Le jeune homme a arrêté l’école en CM2. Bien qu’étant né à Mamoudzou, il ne parle ni ne comprend le français. Dès l’âge de 13 ans, alcool, tabac et cannabis sont devenus son quotidien ainsi que toutes les formes de la petite délinquance. Sa mère est triste : «Il n’écoutait personne, il n’en faisait qu’à sa tête», explique-t-elle.
Récidive
Condamné deux fois pour vol avec violence, son parcours prend un tour sordide avec une condamnation à 5 ans d’emprisonnement dont 3 ferme pour l’agression sexuelle d’une fillette de 8 ans. Il venait de sortir de prison… 2 semaines avant d’agresser sa tante. Il est donc en état de récidive lors de cette dramatique nuit du 9 juillet 2012.
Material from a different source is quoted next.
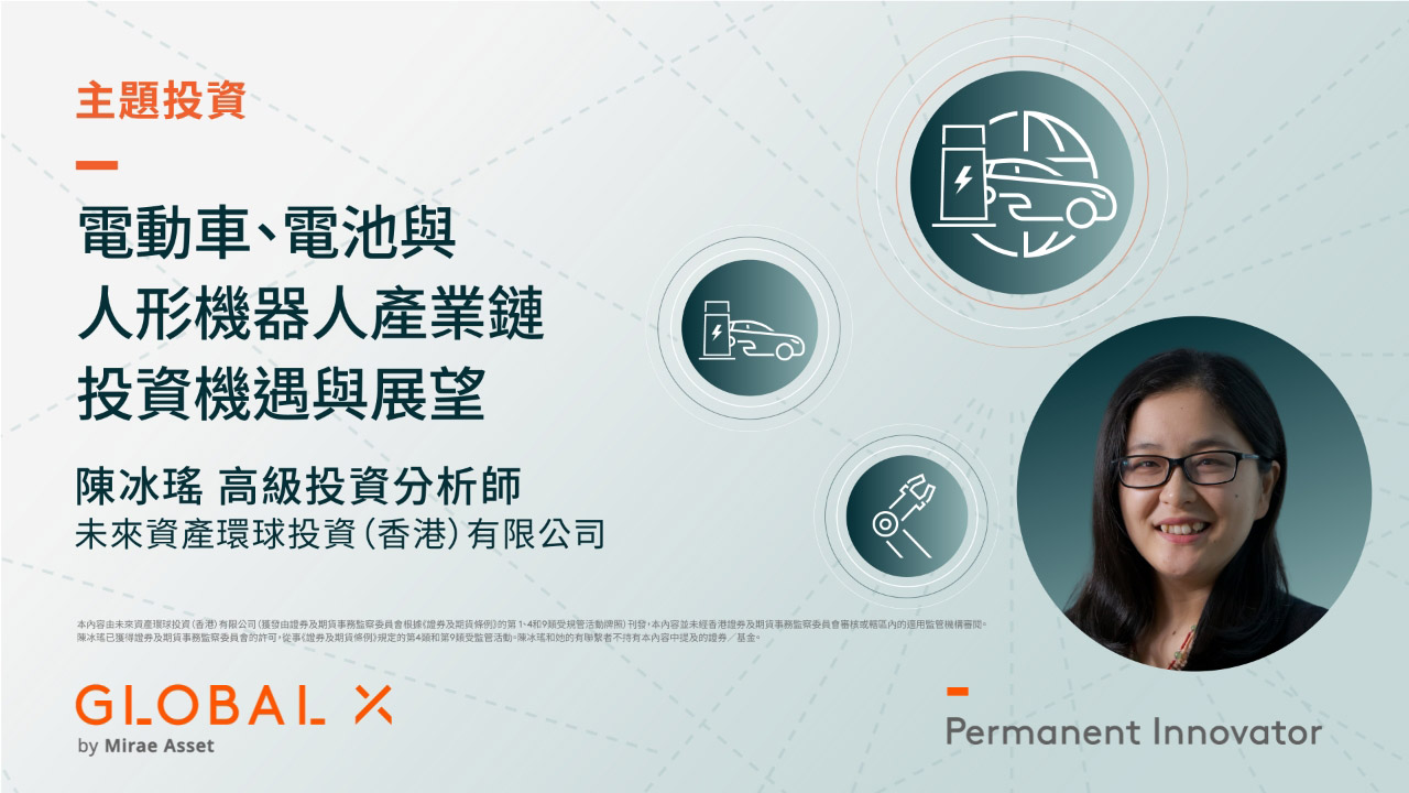講師 陳冰瑤 高級投資分析師 未來資產環球投資(香港)有限公司 直播要點 1. AI及傳感器等技術的進步,如何在應用領域使用 2. 相關投資產品如何將重點擴展到更具協同效應的融合領域 3. ETF產品策略調整如何更好捕捉成長機會

Me Préaubert prend la parole au nom de l’association Tama qui a désormais la responsabilité de la victime. La femme a été placée sous tutelle depuis les faits. «Je demande une application ferme de la loi, plaide-t-elle, stupéfaite qu’El Anrif n’ait exprimé aucun regret. S’il est remis en liberté, dans les 15 jours qui suivront, que ferait-il ?»
L’interrogation est la même pour l’avocat général Ampuy qui demande la confirmation de la peine de 20 ans prononcée en novembre 2013 lors qu’en situation de récidive, l’accusé risque la perpétuité.
Besoin d’être soigné
Me Erick Hesler, l’avocat de l’accusé, pointe les expertises médicales moins claires que d’habitude pour établir un viol. Il dénonce aussi l’attitude de la société vis-à-vis d’un jeune qui «dans un département qui fonctionnerait normalement» aurait été pris en charge par des services sociaux. Car pour lui, pas de doute : El Anrif mériterait lui aussi d’être placé sous tutelle : «Le mettre 20 ans en prison, c’est la solution de facilité. Pendant 20 ans, on sait qu’il n’agressera personne mais c’est compromettre la suite. Il a, avant tout, besoin d’être soigné, d’être pris en charge.»
«20 ans, ça fait beaucoup. Je ne l’ai pas tuée», a dit El Anrif comme ultime défense.
Finalement, la peine sera donc effectivement de 20 ans auxquels s’ajoutent 5 ans de suivi socio-judiciaire à sa sortie. Oui, c’est beaucoup, mais c’est la peine pour le viol d’une femme fragile, en situation de récidive.